Паскаль, философ, которого мы оба ценим и любим, однажды заметил, и как верно: «Все наши рассуждения сводятся к тому, чтобы уступить чувству». Вполне возможно, что естественные чувства, если бы время позволило, могли бы вернуть себе прежнее главенствующее место, отстранив жесткий математический рассудок, насаждаемый в школах. Но этому не суждено было случиться. Обремененный неумеренным знанием, мир преждевременно одряхлел. Но толпа — основная масса человечества — этого даже не заметила или, живя энергичной, но лишенной счастья жизнью, не пожелала заметить. Земные летописи и исторические хроники научили меня одному: усматривать в величайшем разрушении плату за величайшую цивилизацию. Я почерпнул предвидение нашей судьбы в сопоставлении Китая, простого и терпеливого, с великим зодчим Вавилоном, с Египтом, чей гений — астрология, с Нубией, более утонченной и хитроумной, чем обе эти страны вместе взятые, матерью всех ремесел. В судьбах этих стран мне сверкнул луч из будущего. Присущая вавилонянам, египтянам и нубийцам изощренность была всего лишь локальным заболеванием, и в падении этих цивилизаций мы видели применение местных целительных средств. Но для мира, зараженного во всем его объеме, я не вижу иного лекарства для возрождения, кроме полной гибели. Но поскольку род человеческий не мог прекратиться, мне открылось, что он должен «родиться заново».

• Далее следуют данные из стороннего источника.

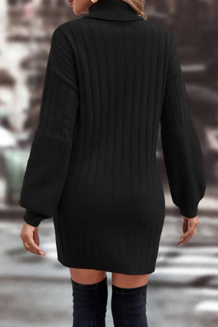 Πλεκτό με ιδιαίτερη πλέξη στα μανίκια και ζιβάγκο. Συνδυάστε το με ψηλές μπότες η sneakers.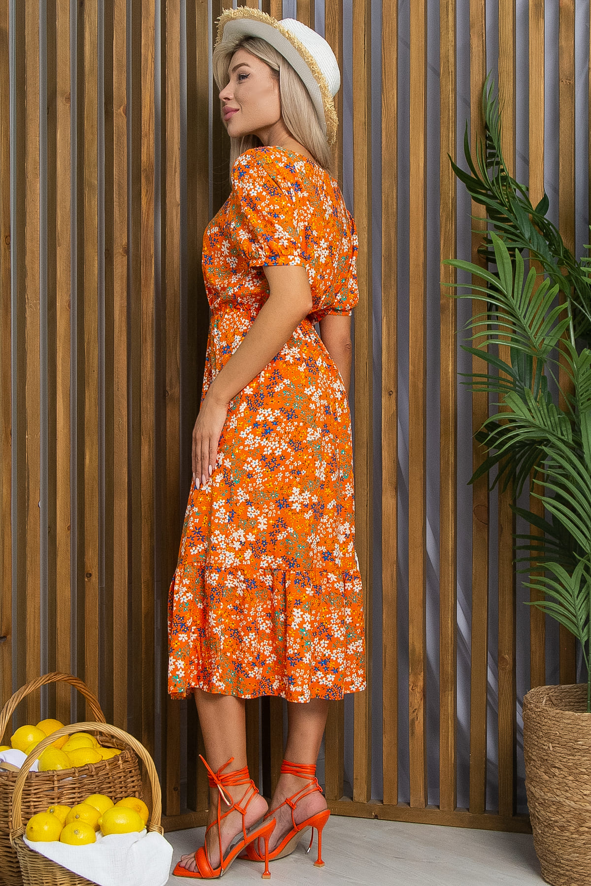 Летнее платье, которое подчеркнёт вашу женственность и подарит ощущение комфорта. Платье с квадратным вырезом горловины и рукавами-фонариками на резинке создают романтичный и игривый образ. Яркий принт и волан по краю юбки добавят модели свежести и игривости. По талии на резинке. Идеально подходит для тёплых дней. Сочетайте его с любимой обувью и аксессуарами, чтобы создавать стильные и привлекательные образы как для повседневной носки, так и для особых случаев.
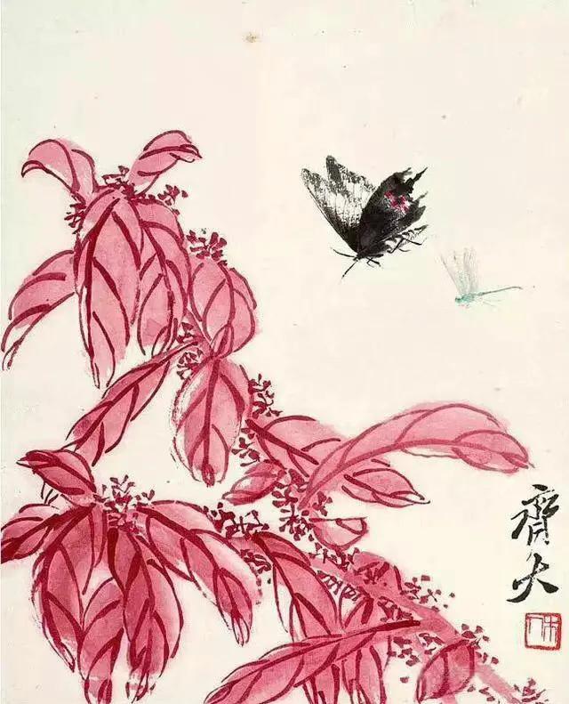 你看那雁来红,如点点胭脂散落在纸上,一只蝴蝶翩翩起舞,正欲飞向这片火红,而一只蜻蜓早已停驻其上,透明的翅膀在阳光下闪着微光。疏密有致的构图,动静结合的画面,将乡间小景的轻快与美好展现得淋漓尽致,令人心生向往。仿佛置身于田野之中,感受着微风的轻抚,闻着花草的芬芳。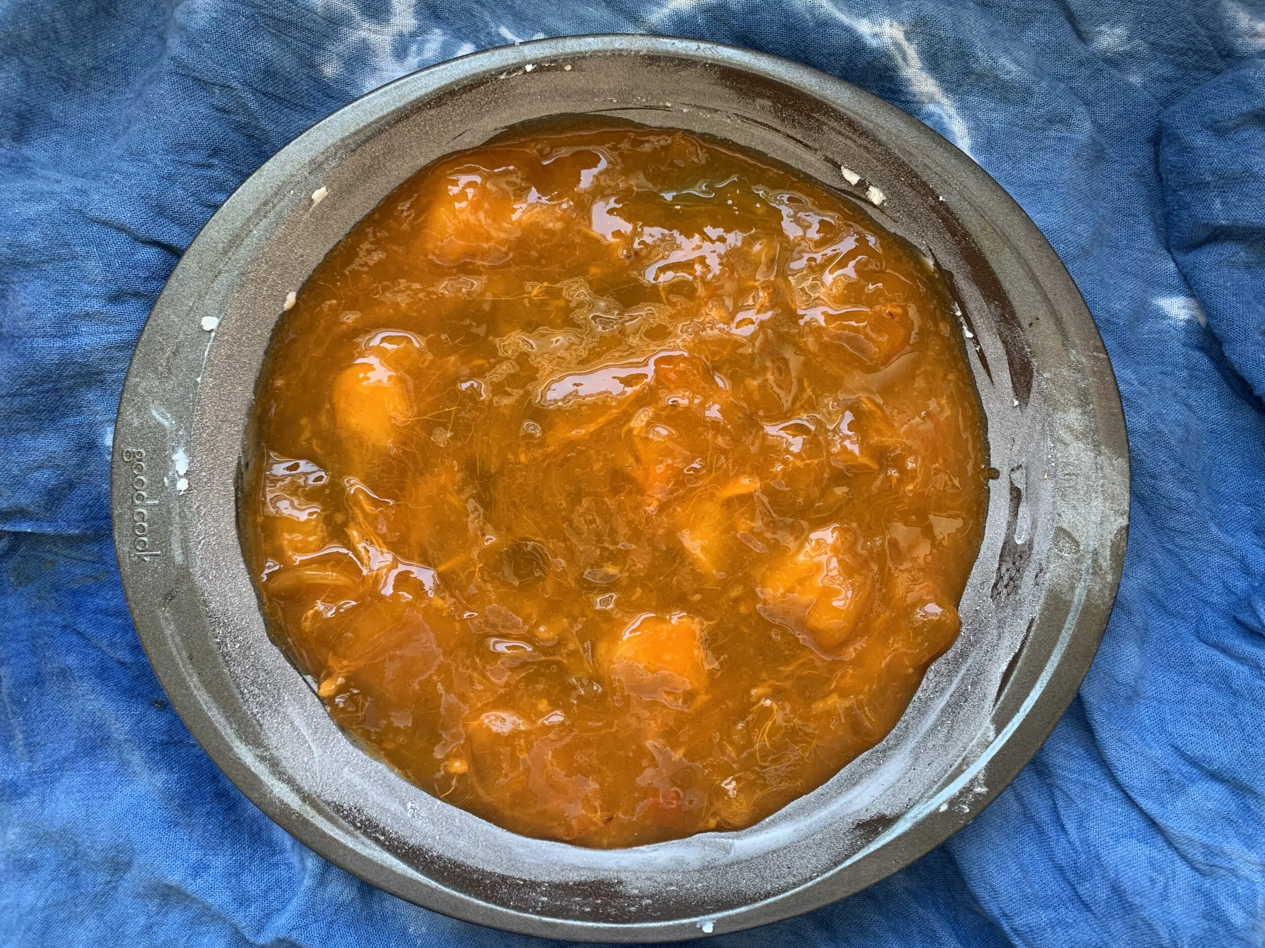 Add oat crumble to the pan on top of the persimmon mix. Distribute the crumble evenly across the top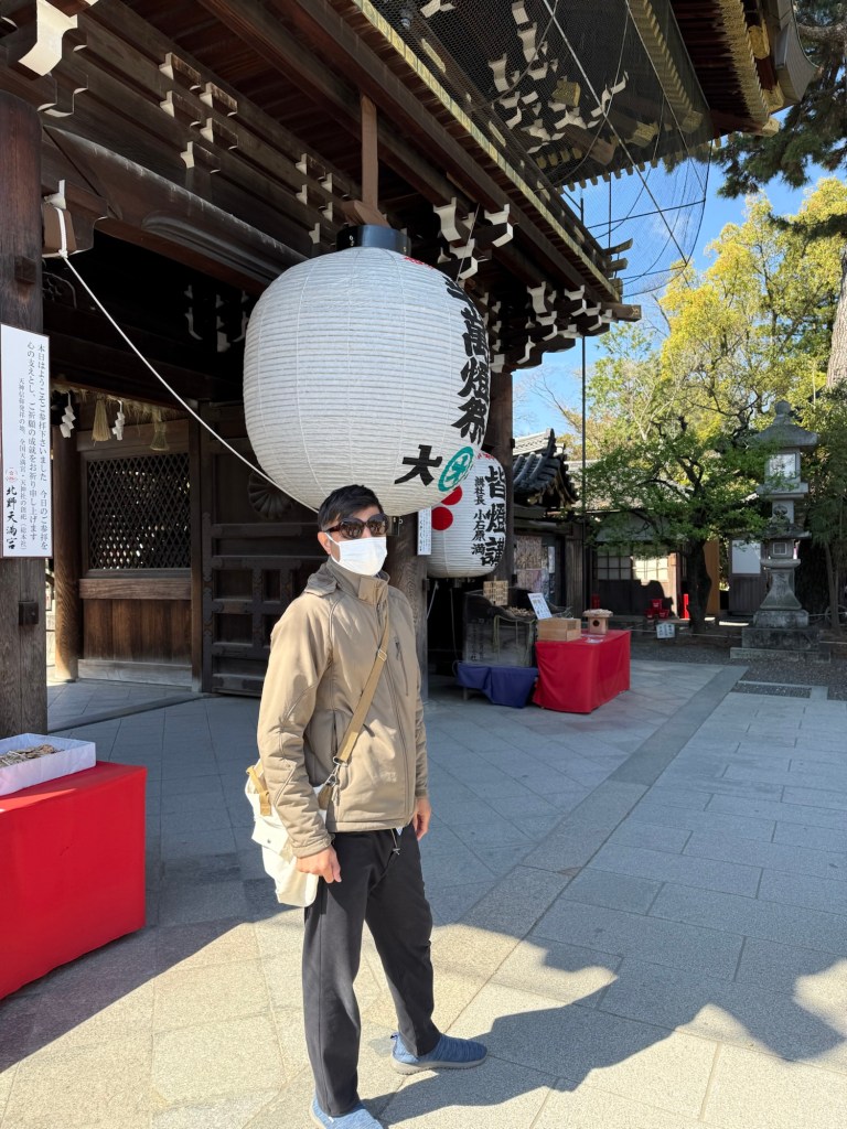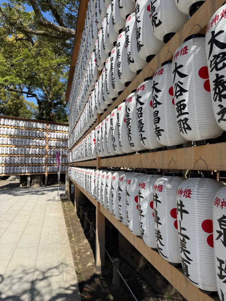 Wednesday was sunny and warm, a perfect day for our e-bike tour. I’ve always loved bicycling, and with an e-bike I’m as fast as everyone else. The Shinto Shrine we visited first was over 1,000 years old and dedicated to education and learning. The Shinto Shrine wasn’t crowded even though it is free to visit. Instead of charging admission (as the Buddhist Temples do), the Shrine sells annual sponsorships in the form of painted cylindrical banners. These banners are sold to individuals and businesses in three different sizes and there were hundreds of sponsorships throughout the Shrine.

И тогда-то, моя прекрасная возлюбленная, мы стали ежедневно погружаться в грезы. В сумерках мы рассуждали о грядущих днях, когда изуродованная ремеслами и промышленностью поверхность Земли, подвергнувшись тому очищению, которое лишь одно сможет стереть с ее лица все эти угловатые и неряшливые непристойности, заново оденется в зелень и улыбчивые райские воды и станет, наконец, достойным обиталищем для человека — человека, очищенного Смертью, человека, для чьего возвышенного ума познание больше не будет ядом, — искупленного, возрожденного, блаженного, уже бессмертного, но все еще материального.
Уна. Я отлично помню эти беседы, милый Монос; но эпоха огненной катастрофы была не так близка, как мы верили и как предвещал тот упадок, о котором ты так ясно сказал. Люди жили и умирали каждый сам по себе. И ты сам занемог и сошел в могилу; вслед за тобой последовала и твоя верная Уна. И хотя с тех пор минуло столетие, вновь соединившее нас, наши дремлющие чувства не томились слишком долгой разлукой. И тем не менее, милый Монос, это было целое столетие.
Монос. Скажи лучше: точка в неопределенной бесконечности. Бесспорно, я умер в эпоху одряхления Земли. Сердце мое было измучено тревогой из-за всеобщей смуты и упадка; я стал жертвой жестокой лихорадки. После нескольких дней страданий и долгих недель бредовых видений, пронизанных экстазом, проявления которого ты считала страданиями, а я пытался тебя разубедить в этом, но не сумел, на меня сошло, как ты сказала, бездыханное и недвижное оцепенение. Его-то и назвали Смертью те, кто был вокруг меня.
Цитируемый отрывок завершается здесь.